И было отчего. Вместо скромной, стройной девушки, в длинном благопристойном кисейном платье, перед ней стояло… А что, собственно стояло? Нечто бесстыже длинноногое, чуть прикрытое непристойно короткими, словно панталоны, даже короче, трусами из грубой ткани, да ещё в непонятного цвета выгоревшей майке, поверх которой была накинута такая же грубая куртка с кучей факсимиле, выполненных от руки. Пышные длинные волосы, фамильная гордость всех Волконских женского пола, были коротко и неровно острижены, на ногах – нечто бесформенное, из этой, новомодной резины. Кажется, кеды? И – О, УЖАС! Веснушки!!! Какой позор! На загорелом, словно у босячки ПОХУДЕВШЕМ лице – ВЕСНУШКИ! Мать отпустила сердце и схватилась за голову – О, Боже! А ведь милой Кати послезавтра идти в Институт! Ни один куафер не сможет привести волосы дочери в благопристойный вид после такого… обрезания! А ЛИЦО?!!! Самая модная отбеливающая маска здесь не поможет! Между тем дочь сбросила С ПЛЕЧ МЕШОК(!), двумя ловкими, и уже ПРИВЫЧНЫМИ движениями сбросила эти… разношенные кеды, кажется, за которые лично Княгиня отдала в «Пассаже» на Невском целых ШЕСТНАДЦАТЬ рублей! Затем, не обращая внимания на суматоху носящихся в поисках валерьянки и воды слуг, ловко прыгнула к застывшей матери и, обняв, выпалила:

– Мамочка! Как было чудесно!

Опустила голову, смущённо уткнулась Анастасии в прикрытую плотным бархатом грудь, потом чуть слышно произнесла:

– Мамочка, я влюбилась. И выхожу замуж следующим летом.
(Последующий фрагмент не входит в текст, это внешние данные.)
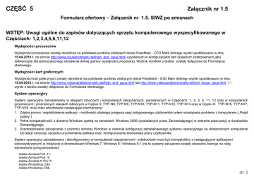 CZĘŚĆ 5 Załącznik nr 1.5 Formularz ofertowy – Załącznik nr 1.5. SIWZ po zmianach WSTĘP: Uwagi ogólne do zapisów dotyczących sprzętu komputerowego wyspecyfikowanego w Częściach: 1,2,3,4,5,6,11,12 Wydajności procesorów Wydajności procesorów zostały określone na podstawie punktów zdobytych teście PassMark - CPU Mark (którego wyniki opublikowano w dniu 15.04.2015 r. na stronie http://www.cpubenchmark.net/high_end_cpus.html) uzyskanych w konfiguracjach tam opisanych (traktowanych jako referencyjne dla jednoznacznego określenia dolnej granicy wydajności procesora). Wydruk wyników z testów zostały dołączone do Formularza ofertowego. Wydajności kart graficznych Wydajności kart graficznych zostały określone na podstawie punktów zdobytych teście PassMark - G3D Mark (którego wyniki opublikowano w dniu 15.04.2015 r. na stronie http://www.videocardbenchmark.net/high_end_gpus.html lub http://www.videocardbenchmark.net/mid_range_gpus.html ) – wyniki z testów zostały dołączone do Formularza ofertowego. System operacyjny System operacyjny zainstalowany w stacjach roboczych i komputerach stacjonarnych, wymienionych w Częściach: 1, 2, 3, 4, 11, 12 oraz w komputerach przenośnych i przenośnych stacjach roboczych w Części 5: TYP-N8, TYP-N9, TYP-N10, TYP-N11, TYP-N12, TYP-N13 oraz w Części 6: TYP-N16, TYP-N17, TYP-N18 musi mieć wbudowane następujące mechanizmy: 1. Zdalna pomoc i współdzielenie aplikacji – możliwość zdalnego przejęcia sesji zalogowanego użytkownika celem rozwiązania problemu z komputerem („Pulpit zdalny”) 2. Pełna kompatybilność z domeną Windows opartą na serwerach Windows 2008 (posiadanych przez Zamawiającego) w zakresie autoryzacji w środowisku Zamawiającego; 3. Scentralizowane zarządzanie z poziomu domeny Windows w zakresie konfiguracji zainstalowanego systemu operacyjnego na dostarczonym komputerze lub stacji roboczej, sposobu uruchamiania aplikacji oraz konfigurowania środowiska pracy użytkownika. System operacyjny zainstalowany i skonfigurowany w komputerach stacjonarnych i notebookach musi być kompatybilny z następującymi aplikacjami wykorzystywanymi w Instytucie w środowiskach Windows 7, Windows 8 i Windows 8.1 (na te systemy zakupione zostały stosowne licencje na niżej wymienione oprogramowanie): Adobe Acrobat Prof. 11, Adobe Acrobat Prof.. 9 Adobe Acrobat XI Pro Pl Adobe PhotoShop CS5 Adobe Photoshop CS6, str. 1 Adobe Web Premium CS5, Audacity, AutoCAD, Checkpoint Smart Console, Corel Designer Technical Suite 12 CorelDraw 11, CorelDraw Graphics Suite 12, CorelDraw Graphics Suite X5, CorelDraw X3, CorelDraw X4 Graphics Suite, CorelDraw, CST Studio Suite, Delphi RAD Studio, DXO Optics PTO, EMG Works 4.05 (do aparatu Bagnoli-16 PDsEMG), English Translator TX2 Synergy, InDesign Cs 5.5, IntelliJ IDEA 14, Mathlab MS Office 2010, MS Office 2013, MS Visio 10 ODEON Room Acoustics Software, Office Visio Professional 2007 Oprogramowanie CAD (projektowanie i symulacje 3D), np.. SolidWorks, Solid Works Simulation do skanera 3D oprogramowanie dedykowane do badań palestezjometrycznych oprogramowanie dedykowane do pomiaru sił Oracle Fusion Middleware 11.1.2.4.0, Photoshop CS 6, PhotoShop CSS Extended v. 12.0.4 x64, PhotoShop, Pinnacle Studio HD ultimate, Play Memories Home 4.1 (Sony) PLSQL Developer, Pulse Data Recorder, PULSE LabShop, Pulse Reflex, SEMCAD x, Simple ERP, SPSS Statistics Statistica Statistica 8.0, Statistica 10.0 MR1, UltraEdit str. 2 Zaawansowane komputery przenośne i mobilne stacje robocze bardzo wysokiej wydajności (umożliwiające mobilną pracę z aplikacjami obliczeniowymi, projektowymi i przetwarzania graficznego), a także przenośne komputery prezentacyjne i przeznaczone do mobilnych prac eksperymentalnych wraz z instalacją, skonfigurowaniem i przetestowaniem systemu operacyjnego – łącznie 21 szt. SZCZEGÓŁOWA SPECYFIKACJA TECHNICZNA 5.1. Komputery przenośne wysokiej wydajności, o małej masie, przeznaczone do mobilnej pracy z aplikacjami obliczeniowymi, graficznymi i prezentacyjnymi – łącznie 4 szt. 5.1.1. Komputer przenośny wysokowydajny o bardzo małej masie z przekątną ekranu 13”, wysokiej rozdzielczości – 1 szt. KOMPUTER TYP-N1 PRZENOŚNY Komputer przenośny wysokowydajny o bardzo małej masie N1 Minimalne parametry wymagane Gwarancja min. 36 miesięcy Warunki serwisu gwarancyjnego: TYP oferowany: ……………………………………. Producent: …………………………………………. Faktyczne parametry oferowanych urządzeń (nie gorsze, niż wymagane) W siedzibie Zamawiającego Pełna sprawność sprzętu zostanie przywrócona w czasie nie dłuższym, niż 48 godzin od otrzymania formalnego zawiadomienia o awarii sprzętu W przypadku konieczności naprawy w czasie dłuższym, niż 48 godzin podmiot świadczący serwis nieodpłatnie dostarczy sprzęt zastępczy o str. 3 równorzędnych parametrach i nieodpłatnie przygotuje go do pracy zgodnej z przeznaczeniem sprzętu naprawianego Jeżeli sprzęt po 3 (trzech) naprawach nadal wykazuje wady w działaniu – na żądanie Zamawiającego zostanie wymieniony na nowy, wolny od wad lub nastąpi zwrot zapłaty Zamawiającemu (w pełnej kwocie brutto za wadliwy sprzęt, który zostanie zwrócony Dostawcy) – wg decyzji Zamawiającego. Firma serwisująca musi posiadać ISO 9001:2000 na świadczenie usług serwisowych oraz posiadać autoryzacje producenta komputera – dokumenty potwierdzające załączyć do oferty. Wymagane jest dołączenie do oferty oświadczenia producenta komputera przenośnego, że w przypadku nie wywiązywania się z obowiązków gwarancyjnych oferenta lub firmy serwisującej, przejmie na siebie wszelkie zobowiązania związane z serwisem System operacyjny Zainstalowany i skonfigurowany system operacyjny 64-bitowy z interfejsem graficznym w języku polskim + (nośnik lub dostępna funkcjonalność wykonania kopii instalacyjnej systemu operacyjnego na nośniku zewnętrznym) pełn

ЗАМУЖ?! ЛЕТОМ?! ВЛЮБИЛАСЬ?! Княгиня уже открыла рот, собираясь устроить разнос сбившейся с пути истинного дочери, но… На точёной ЗАГОРЕЛОЙ шее она увидела… увидела… УВИДЕЛА!!!

– Ч-что ЭТО?!! Кати без всякого смущения отмахнулась:

– А, ерунда. Засос, мама. Мой Саша меня очень любит, а поскольку мы с ним очень долго не увидимся, только на Новый Год, то последнюю ночь в поезде мы провели вместе…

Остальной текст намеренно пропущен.